Start of Recorded information
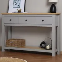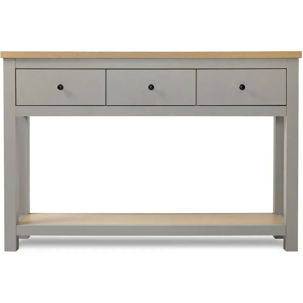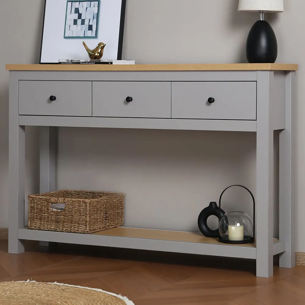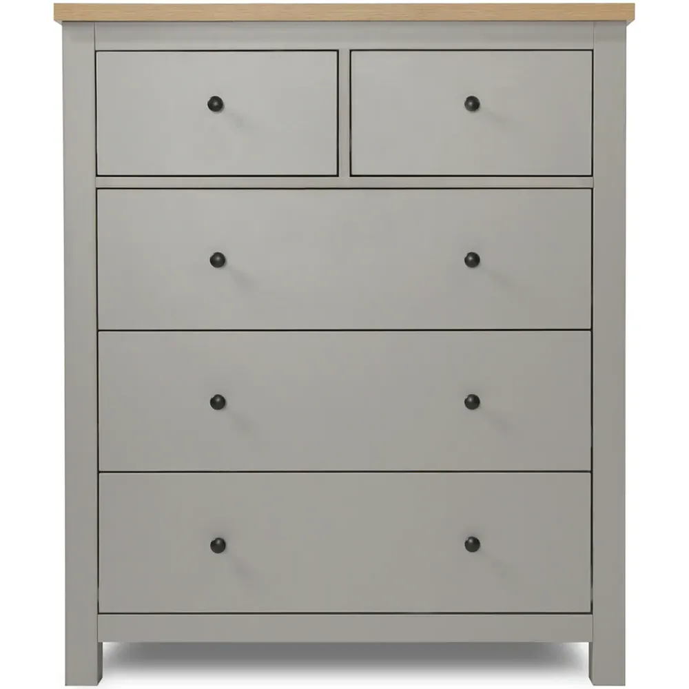 The Wiltshire 2-drawer bedside table offers convenient bedside storage with its compact yet functional design. Constructed from durable MDF melamine with a sleek grey finish, it features a contrasting wood-coloured top that adds warmth and visual appeal. The two drawers provide ample storage space for personal items and essentials, while the surface accommodates bedside necessities like lamps and books.
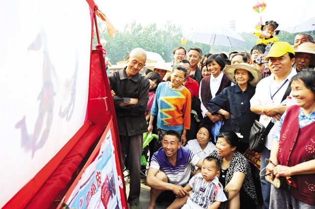 ·炎帝神农文化庙会上皮影戏逗乐观众
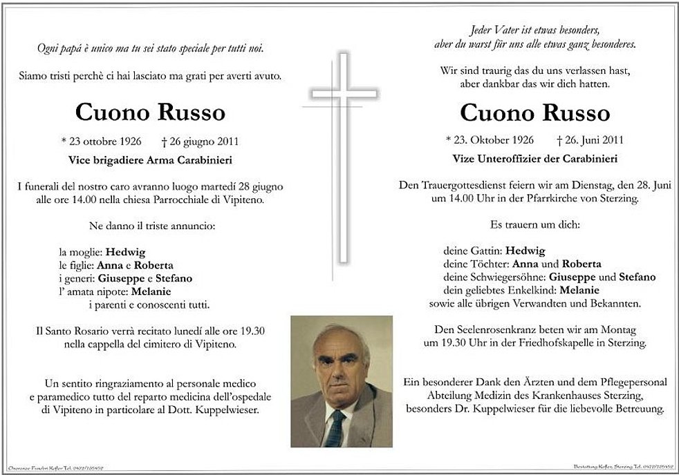 I funerali del nostro caro avranno luogo martedí 28 giugno
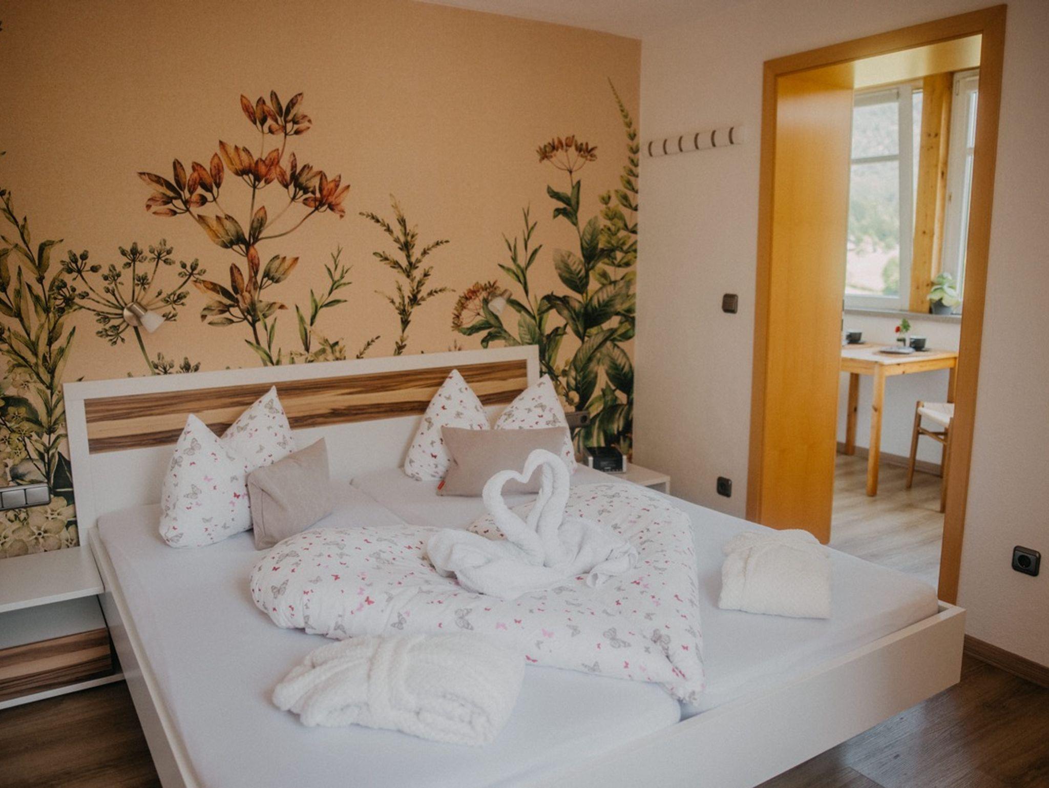 Unsere beiden Ferienwohnungen bieten Ihnen einen atemberaubenden Blick auf die umliegenden Berge und Wiesen – ein wahrer Augenschmaus, der Sie jeden Tag aufs Neue verzaubern wird. Die 80 m² große, private Terrasse lädt dazu ein, die frische Bergluft zu genießen, während Sie entspannen und die Natur um sich herum auf sich wirken lassen. Ob beim Frühstück in der Morgensonne oder beim abendlichen Glas Wein unter dem Sternenhimmel – hier wird jeder Moment zum besonderen Erlebnis.
End of Recorded information
▸ Work request:
Write out the material above once more, exactly as it reads, with no pictures.

▸ Solved problem:
 The Wiltshire 2-drawer bedside table offers convenient bedside storage with its compact yet functional design. Constructed from durable MDF melamine with a sleek grey finish, it features a contrasting wood-coloured top that adds warmth and visual appeal. The two drawers provide ample storage space for personal items and essentials, while the surface accommodates bedside necessities like lamps and books.
 ·炎帝神农文化庙会上皮影戏逗乐观众
 I funerali del nostro caro avranno luogo martedí 28 giugno
 Unsere beiden Ferienwohnungen bieten Ihnen einen atemberaubenden Blick auf die umliegenden Berge und Wiesen – ein wahrer Augenschmaus, der Sie jeden Tag aufs Neue verzaubern wird. Die 80 m² große, private Terrasse lädt dazu ein, die frische Bergluft zu genießen, während Sie entspannen und die Natur um sich herum auf sich wirken lassen. Ob beim Frühstück in der Morgensonne oder beim abendlichen Glas Wein unter dem Sternenhimmel – hier wird jeder Moment zum besonderen Erlebnis.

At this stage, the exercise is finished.